Bagikan:

JAKARTA – Mahkamah Konstitusi (MK) memaparkan sejumlah putusan yang menjadi perhatian publik sepanjang 2024, termasuk uji materi terkait ambang batas pencalonan kepala daerah dan sejumlah undang-undang lainnya.

Hal ini disampaikan oleh Ketua MK, Suhartoyo, dalam sidang pleno khusus yang digelar di Gedung MK, Jakarta Pusat, Kamis, 2 Januari 2025.  

“Dalam mengadili perkara pengujian UU, terdapat beberapa putusan yang menyita perhatian publik serta mempengaruhi sistem ketatanegaraan, sistem pemilu, prinsip demokrasi, dan hak konstitusional warga negara,” ungkap Suhartoyo.  

Salah satu putusan penting yang disorot adalah pengujian UU Pilkada yang menurunkan ambang batas pencalonan kepala daerah menjadi 6,5% hingga 10%. Putusan tersebut tercantum dalam Perkara Nomor 60/PUU-XXI/2024.  

Selain itu, Suhartoyo memaparkan putusan terkait ambang batas parlemen dalam uji materi UU Pemilu (Perkara Nomor 116/PUU-XXI/2023).
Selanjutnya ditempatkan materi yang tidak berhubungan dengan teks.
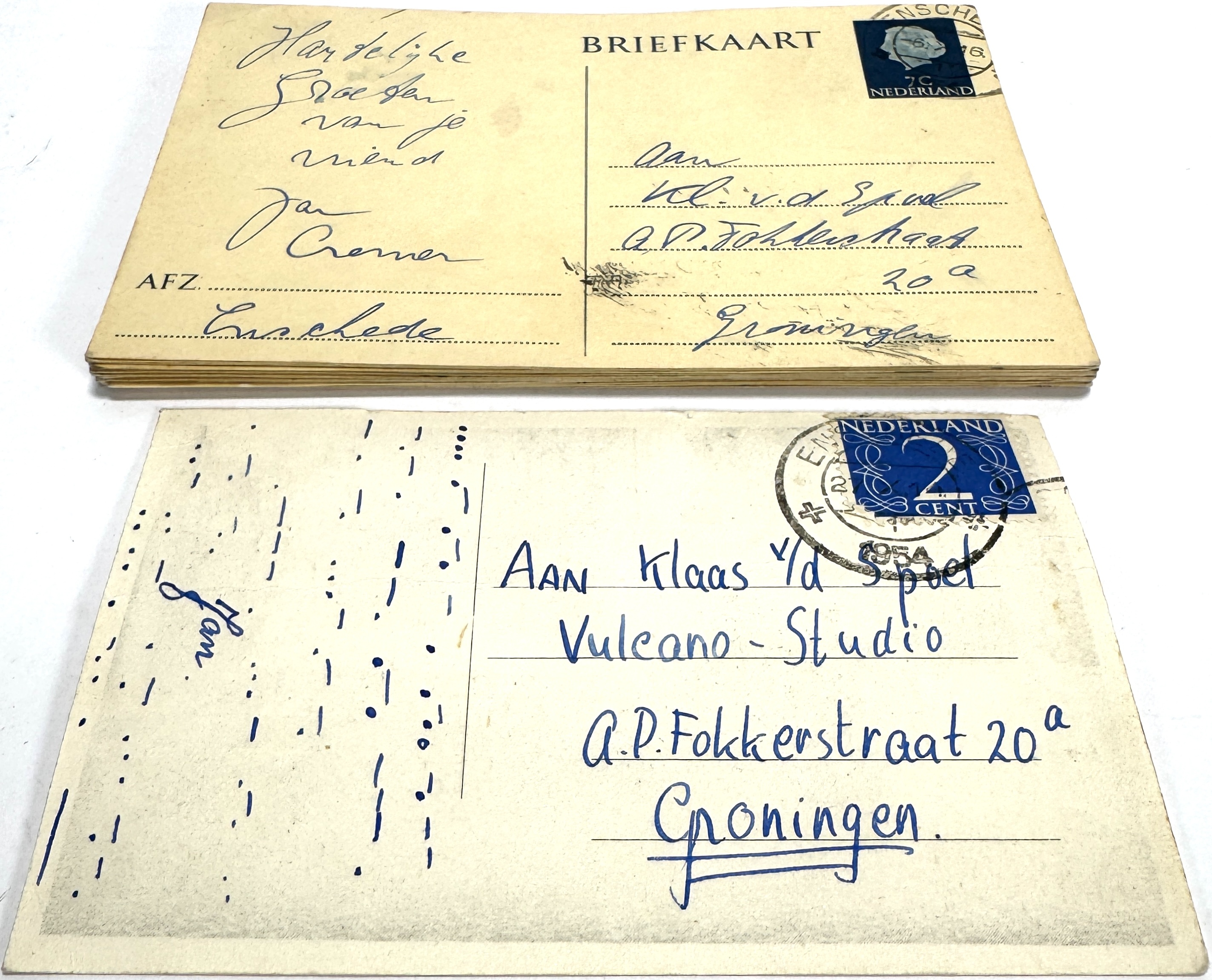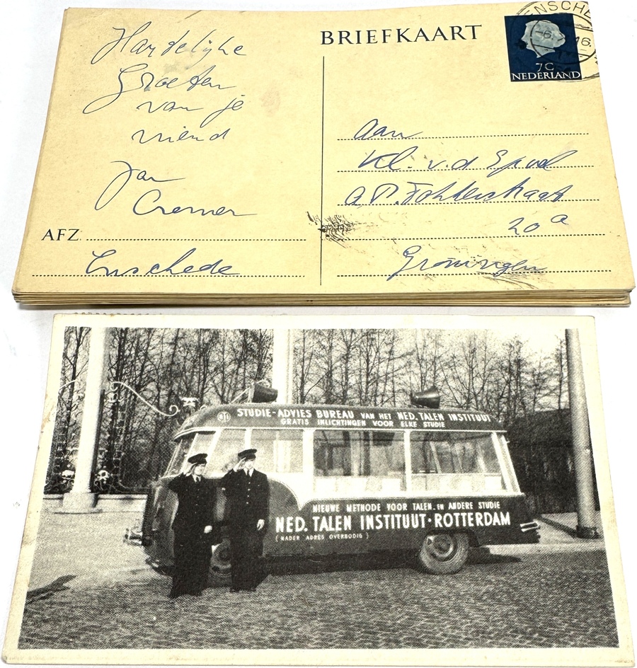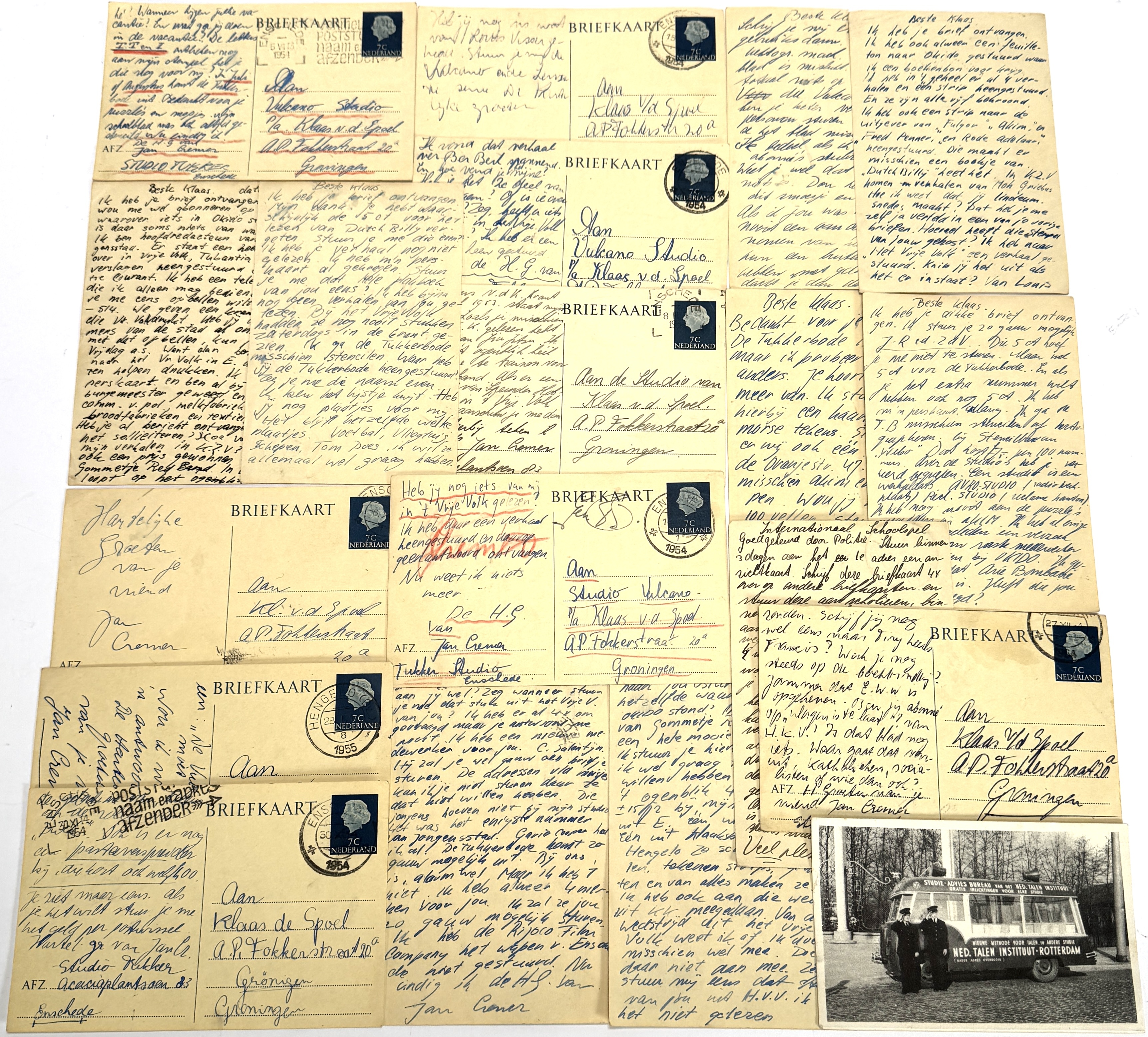 Negentien correspondentiekaarten uit midden jaren 50 van Jan Cremer (1940-2024) aan jeugdvriend Klaas van der Spoel, Vulcano Studio, Groningen, uitgevoerd in karton met handschrift in inkt op gedrukte briefkaarten, voorzien van Nederlandse postzegels en stempels ‘Enschede’. Bevat persoonlijke boodschappen, Cremers signatuur en één ansicht met foto van de Ned. Talen Instituut-bus, in handgeschreven stijl en postaal verzonden.

Dalam putusan ini, MK menyatakan ambang batas parlemen konstitusional bersyarat untuk diberlakukan pada 2029 dan pemilu berikutnya, dengan ketentuan norma serta persentasenya harus disesuaikan.  

Dalam pengujian KUHP, MK juga membuat gebrakan dengan menyatakan pasal terkait penyebaran berita bohong yang menimbulkan keonaran sebagai inkonstitusional (Perkara Nomor 78/PUU-XXI/2023). Sementara itu, dalam pengujian UU Terorisme, MK memutuskan bahwa kompensasi bagi korban terorisme harus dipenuhi paling lambat dalam waktu 10 tahun (Perkara Nomor 103/PUU-XXI/2023).  

Putusan terkait UU Cipta Kerja (Ciptaker) turut menjadi sorotan publik. MK memutuskan bahwa klaster ketenagakerjaan harus dipisahkan dari UU Cipta Kerja (Perkara Nomor 168/PUU-XXI/2023). Selain itu, sistem unbundling dalam usaha penyediaan listrik dinyatakan tetap inkonstitusional (Perkara Nomor 39/PUU-XXI/2023).  

Suhartoyo juga menyoroti putusan terkait UU Hak Cipta (Perkara Nomor 84/PUU-XXI/2023), di mana MK melarang platform digital membiarkan penjualan atau penggandaan barang hasil pelanggaran hak cipta.  

Putusan lain yang menjadi perhatian adalah uji materi UU KPK (Perkara Nomor 87/PUU-XXI/2023), di mana MK menegaskan bahwa KPK berwenang menangani perkara korupsi koneksitas sepanjang dimulai oleh KPK. Selain itu, dalam pengujian UU Pilkada (Perkara Nomor 126/PUU-XXI/2024), MK memutuskan desain surat suara untuk calon tunggal dalam pilkada harus mencantumkan opsi "setuju" dan "tidak setuju."  

Berbagai putusan tersebut mencerminkan peran MK dalam menjaga prinsip demokrasi, hak konstitusional, dan sistem hukum di Indonesia.